详解sklearn中logloss的计算过程 - ybdesire的专栏 - CSDN博客


\[logloss = -\frac{1}{N}\sum_{i=1}^Ny_i \log p_i + (1-y_i)\log(1-p_i)\]



\[logloss = -\frac{1}{N}\log e^{\sum_{i=1}^Ny_i \log p_i + (1-y_i)\log(1-p_i)}\]

\[\begin{alignat}{2} logloss & = -\frac{1}{N}\log e^{\sum_{i=1}^Ny_i \log p_i + (1-y_i)\log(1-p_i)} \\ & = -\frac{1}{N}\log \prod_{i=1}^N e^{y_i \log p_i} + e^{(1-y_i)\log(1-p_i)} \\ & = -\frac{1}{N}\log \prod_{i=1}^N p_i^{y_i} + (1-p_i)^{1-y_i} \\ \end{alignat}\]


假设\(y_i = 1, \hat y_i = 0, p_o = 0.5\)

\[logloss_i = -(y_i \log p_i + (1-y_i)\log(1-p_i))\]

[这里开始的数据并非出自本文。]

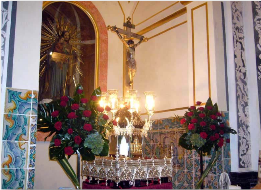
FOTO 3. El Santísimo Cristo Verdadero
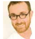
▶ Martin Mangold Zentrum für Innere Medizin Klinikum Garmisch-Partenkirchen GmbH Garmisch-Partenkirchen
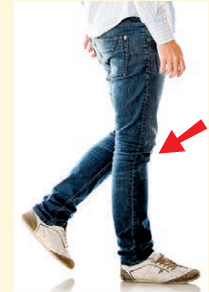
leg - noha
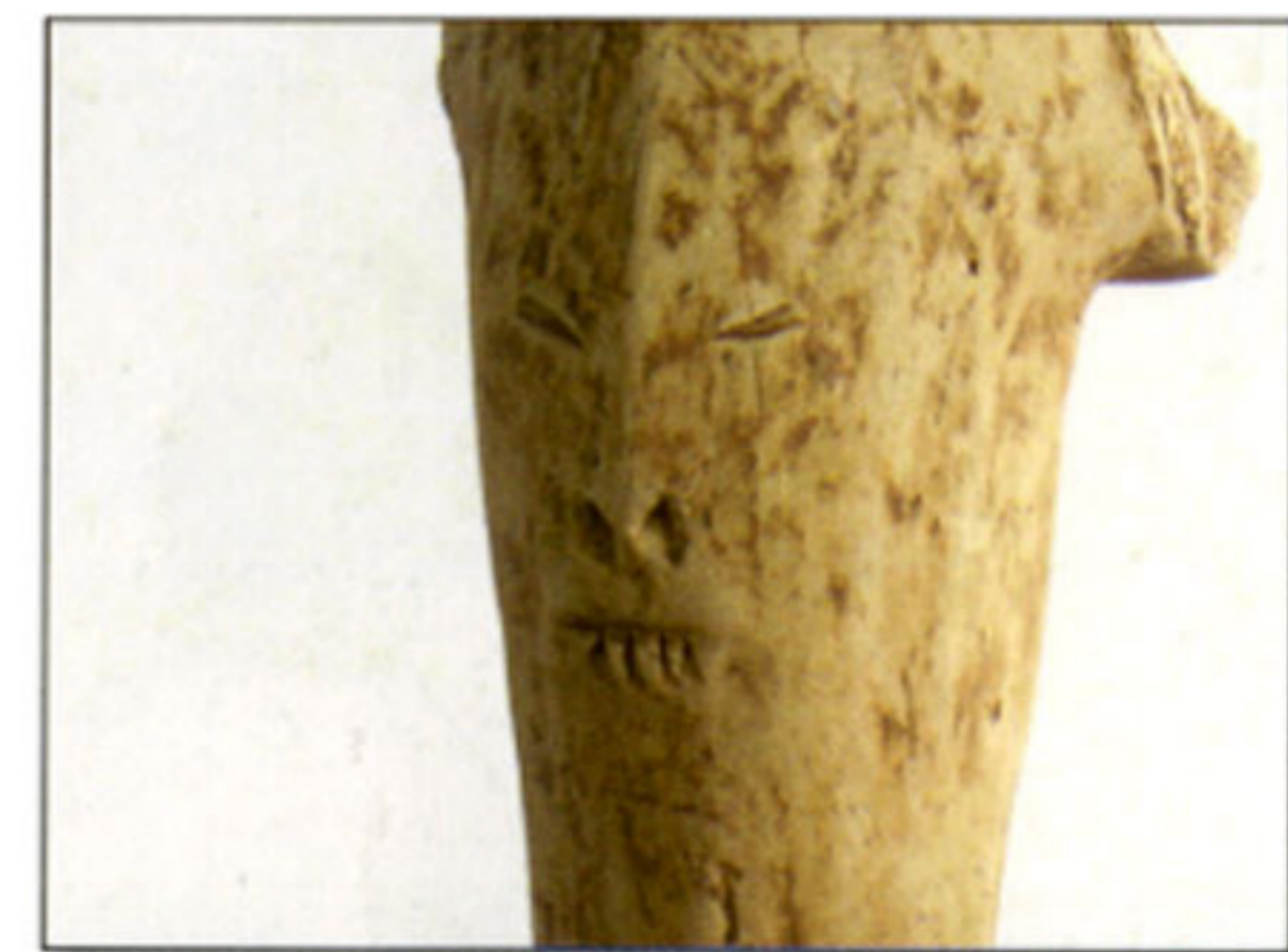
獣脚付火舎の一部
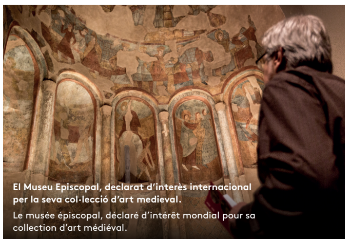
El Museu Episcopal, declarat d'interès internacional per la seva col·lecció d'art medieval. Le musée épiscopal, déclaré d'intérêt mondial pour sa collection d'art médiéval.
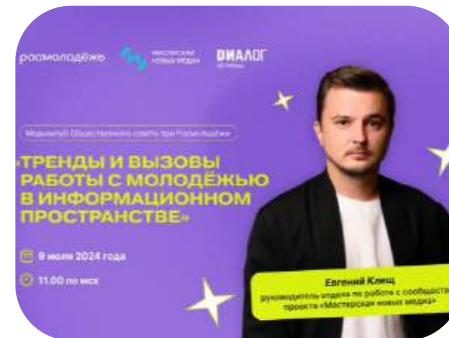
Медиа-клуб для общественных советов

\[\begin{alignat}{2} logloss_i & = -(y_i \log p_i + (1-y_i)\log(1-p_i)) \\ & = -(1 \times \log 0.5 + (1-1) \times \log(1-0.5)) \\ & = -log(0.5) \\ & = 0.69 \end{alignat}\]

因此\(p_i = 0.5 \to \hat y_i = 1 \to 不自信且错了\),因此惩罚不高。


\[\begin{alignat}{2} logloss_i & = -(y_i \log p_i + (1-y_i)\log(1-p_i)) \\ & = -(0 \times \log 0.9 + (1-0) \times \log(1-0.9)) \\ & = -log(0.1) \\ & = 2.30 \end{alignat}\]

因此\(p_i = 0.9 \to \hat y_i = 1 \to 自信且错了\),因此惩罚高。

log loss provides a steep penalty for predictions that are both wrong and confident, i.e., a high probability is assigned to the incorrect class.


Computing log loss with NumPy | Python

import numpy as np
def compute_log_loss(predicted, actual, eps=1e-14):
     """ Computes the logarithmic loss between predicted and
     actual when these are 1D arrays.
     :param predicted: The predicted probabilities as floats between 0-1
     :param actual: The actual binary labels. Either 0 or 1.
     :param eps (optional): log(0) is inf, so we need to offset our
     predicted values slightly by eps from 0 or 1.
     predicted = np.clip(predicted, eps, 1 - eps)
     loss = -1 * np.mean(actual * np.log(predicted)
     + (1 - actual)
     * np.log(1 - predicted))
     return loss

Using the compute_log_loss() function, compute the log loss for the following predicted values (in each case, the actual values are contained in actual_labels):

  • correct_confident. 这里是\(\hat y\),不是\(X\)
  • correct_not_confident.
  • wrong_not_confident.
  • wrong_confident.
  • actual_labels.
# Compute and print log loss for 1st case
correct_confident = compute_log_loss(correct_confident, actual_labels)
print("Log loss, correct and confident: {}".format(correct_confident)) 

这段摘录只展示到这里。